**ACTIVITY:** Repeat the listing below in full and exactly, but without its pictures.

**DATA SHOWN:**

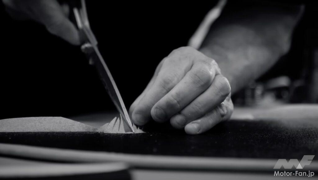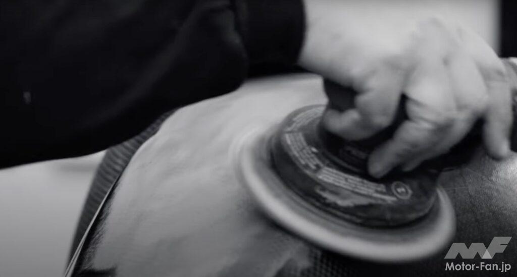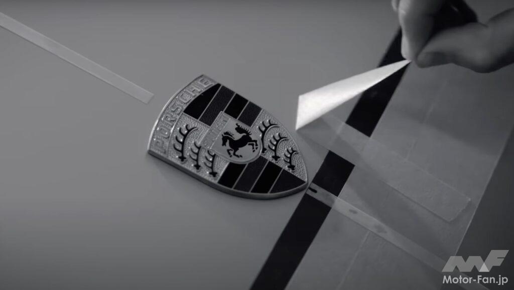 また、カーボンファイバー製のボディワークが研磨され、新たな塗装が施されている様子を見ることができる。また、他の職人たちが、まるで新品のようなアルカンターラ張りのインテリアを組み立てている様子も見られる。仕上げとして、ノーズにはレースカーのステッカーではなく、本物のポルシェバッジが取り付けられている。
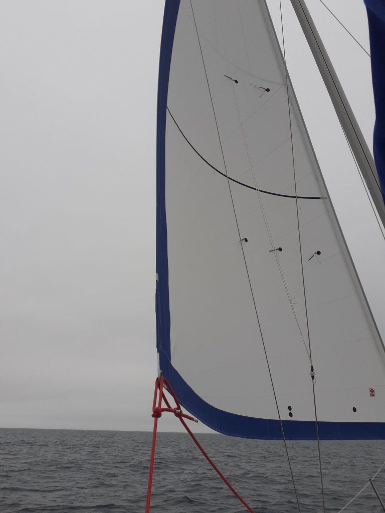 Elektra was logging between 3.5 – 4.5kts, she would have been a lot faster with the mainsail but l didn’t need to be going fast to check out the systems. The weather was misty, with visibility around 3 miles. The new 140% genoa was set nice and noticeably smaller than our old 150% sail, but l liked the cut proving better forward visibility. I continued to sail east for an hour before going about and heading back. I needed to get back to Gillan before 1530hrs so l could put Elektra on her gale proof mooring in Carne Creek.
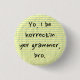 Este design de botão redondo mostra uma página de notebook amarela, ligeiramente amassada, com as palavras erradas, "Yo, eu sou korrectin seu grammer, mano." É para pessoas sarcásticas que ficam fartas de todos os esnobes gramaticais, passivos e agressivos anais que estão sempre "corrigindo silenciosamente sua gramática". Quer você seja um escritor cansado das edições de linha do seu editor ou você goste de deixar professores de inglês zangados, este é o botão para você, mano.
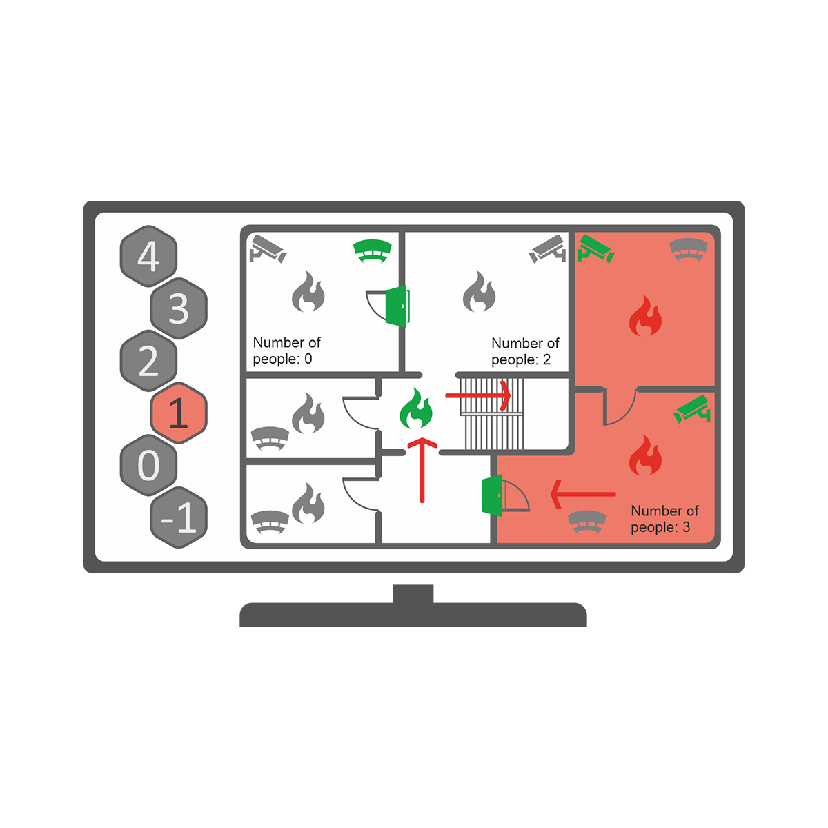 - Monitorowanie przejść i osób w obszarach – Podgląd zdjęć, kart, danych użytkowników oraz liczby osób w strefach; kluczowe przy ewakuacji i scenariuszach automatyki.

**ANSWER FOR THE TASK:**
 また、カーボンファイバー製のボディワークが研磨され、新たな塗装が施されている様子を見ることができる。また、他の職人たちが、まるで新品のようなアルカンターラ張りのインテリアを組み立てている様子も見られる。仕上げとして、ノーズにはレースカーのステッカーではなく、本物のポルシェバッジが取り付けられている。
 Elektra was logging between 3.5 – 4.5kts, she would have been a lot faster with the mainsail but l didn’t need to be going fast to check out the systems. The weather was misty, with visibility around 3 miles. The new 140% genoa was set nice and noticeably smaller than our old 150% sail, but l liked the cut proving better forward visibility. I continued to sail east for an hour before going about and heading back. I needed to get back to Gillan before 1530hrs so l could put Elektra on her gale proof mooring in Carne Creek.
 Este design de botão redondo mostra uma página de notebook amarela, ligeiramente amassada, com as palavras erradas, "Yo, eu sou korrectin seu grammer, mano." É para pessoas sarcásticas que ficam fartas de todos os esnobes gramaticais, passivos e agressivos anais que estão sempre "corrigindo silenciosamente sua gramática". Quer você seja um escritor cansado das edições de linha do seu editor ou você goste de deixar professores de inglês zangados, este é o botão para você, mano.
 - Monitorowanie przejść i osób w obszarach – Podgląd zdjęć, kart, danych użytkowników oraz liczby osób w strefach; kluczowe przy ewakuacji i scenariuszach automatyki.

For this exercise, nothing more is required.